Sind behinderte Menschen solche mit „besonderen Bedürfnissen“?

NEIN! Natürlich nicht. Deshalb sollte der Ausdruck "Menschen mit besonderen Bedürfnissen" für behinderte Menschen nicht verwendet werden, denn er trifft einfach nicht zu. (Dieser Kommentar ist in ÖZIV-INFO 4/2013 erschienen)

Leitliniensystem auf Bahnhof
Fischer, Mag. Manfred

Die Fähigkeiten und Bedürfnisse behinderter Menschen sind nicht „besonders“, sondern genauso vielfältig wie die nichtbehinderter Menschen auch.

Es ist beispielsweise kein „besonderes Bedürfnis“ aufs Klo zu müssen, sondern eines, das jeder Mensch jeden Tag hat. Manche Menschen brauchen eben ein barrierefreies WC, um mit dem Rollstuhl genügend Platz zu haben.

Moblitätseingeschränkte Menschen brauchen etwa Rampen und Treppenlifte sowie stufenlose Eingänge, um sich problemlos selbständig fortbewegen zu können. Barrierefreies Bauen sollte demnach alltäglich sein, im Sinne des „Design for all“. Hier sind noch viele Barrieren in den Köpfen so mancher Architekten und Baumeister niederzureißen.

Rampen, Leitsysteme für blinde Menschen, induktive Höranlagen, Gebärdensprachdolmetscher, Texte im „Leichter Lesen“-Stil, sollten nicht mehr als Besonderheiten gesehen werden. Sie sind lediglich Hilfsmittel, damit Menschen mit unterschiedlichen Behinderungen inklusiv in unserer Gesellschaft leben können.
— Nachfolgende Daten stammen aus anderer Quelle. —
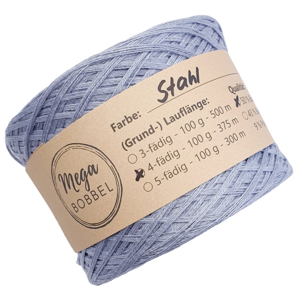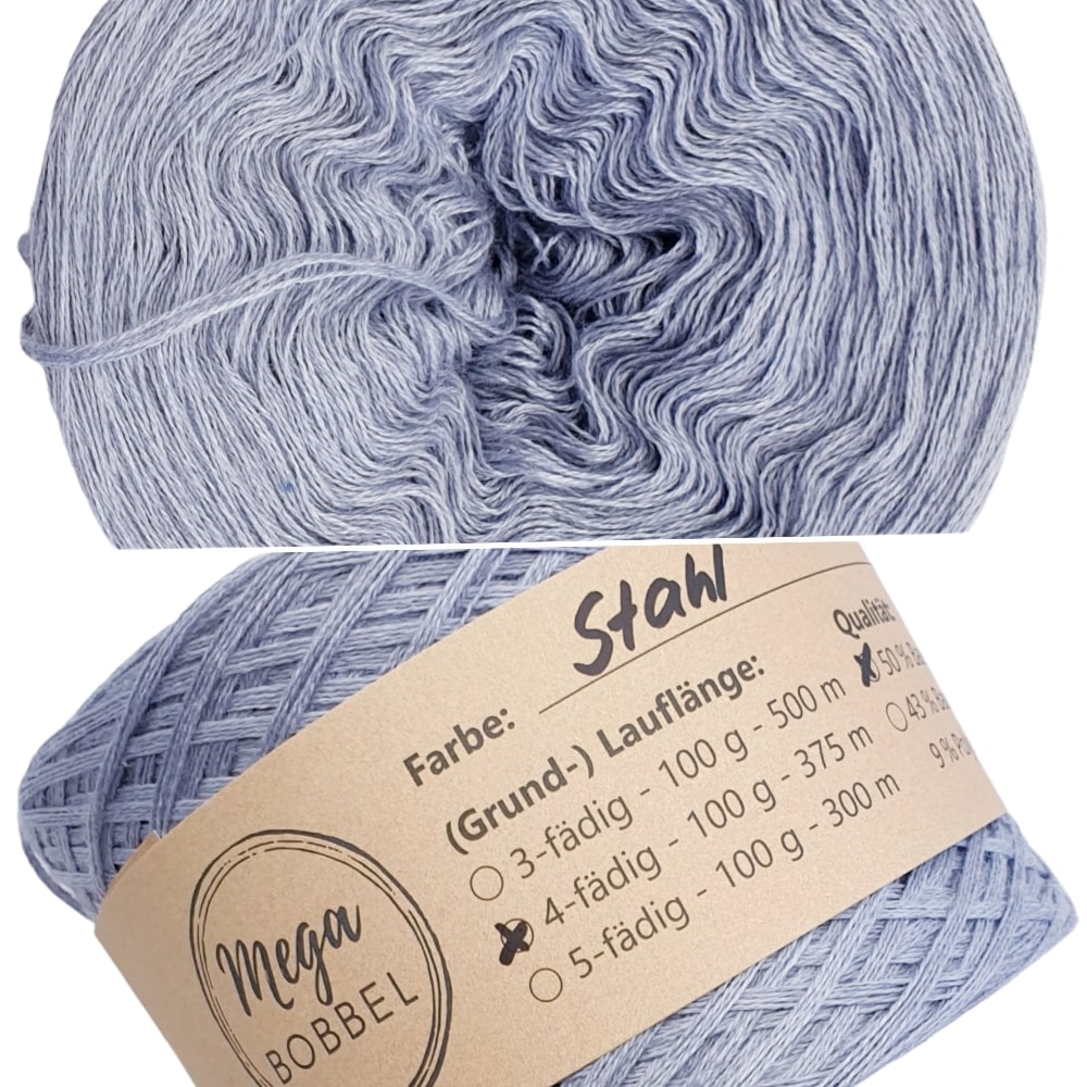 Unsere Uni-Bobbel sind gefachte Lacegarne bei denen mehrere Fäden nebeneinander liegen und den Arbeitsfaden bilden. Sie sind sehr gut geeignet, um dein begonnenes Projekt zu verlängern oder ergeben in Kombination mit unseren anderen Uni-Garnen tolle Patchworkstücke. Das Baumwollmischgarn, das wir zum Wickeln unserer Bobbel verwenden, ist superweich und pflegeleicht in der Reinigung. Außerdem können unsere einfarbigen Garne für dickere Jacken, Pullover oder Decken auch gut doppelt verarbeitet werden. Dazu werden 2 gleiche Bobbel derselben Fädigkeit, Länge und Außenfarbe gemeinsam verarbeitet. In der Regel empfehlen wir eine Nadelstärke von 3-4. Wenn die Garne doppelt verarbeitet werden, sollte die Nadelgröße auf 6-10 angepasst werden.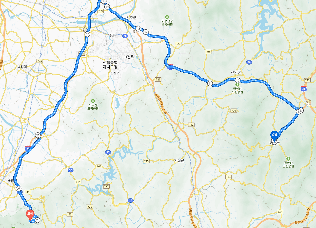 정읍으로 가는 길은 장수 - 진안 - 소양 - 삼례 - 전주 - 만경강 금산사 살짝 지나고 김제 - 태인을 거치면 된다. 아무리 직선거리지만 평일에 가는 거라 큰 차가 많았다. 아빠는 이 길을 양배추, 배추 싣고 광주 공판장에 다녀온 후 전주로 돌아올 때 많이 와봤다고 하셨다.

Eigenschaftswort „behindert“

Das Eigenschaftswort „behindert“ beschreibt den Menschen einfach näher, wie „dunkelhaarig“ oder „glatzköpfig“. Die Behinderung sollte nur eine von vielen Eigenschaften eines Menschen sein – keine „besondere“. Denn: Etwa 15 – 20 Prozent der Menschen haben irgend eine Form von Behinderung. Das ist ein großer Teil der Bevölkerung. Es ist also nichts „Besonderes“, behindert zu sein.

Weiters sei auf die UN-Konvention betreffend behinderte Menschen verwiesen. Diese heißt im Original „Convention on the Rights of Persons with Disabilities“ und in der Übersetzung „Übereinkommen über die Rechte von Menschen mit Behinderungen“. Auch in der UN-Konvention ist nichts von „besonderen Bedürfnissen“ oder „special needs“ zu lesen.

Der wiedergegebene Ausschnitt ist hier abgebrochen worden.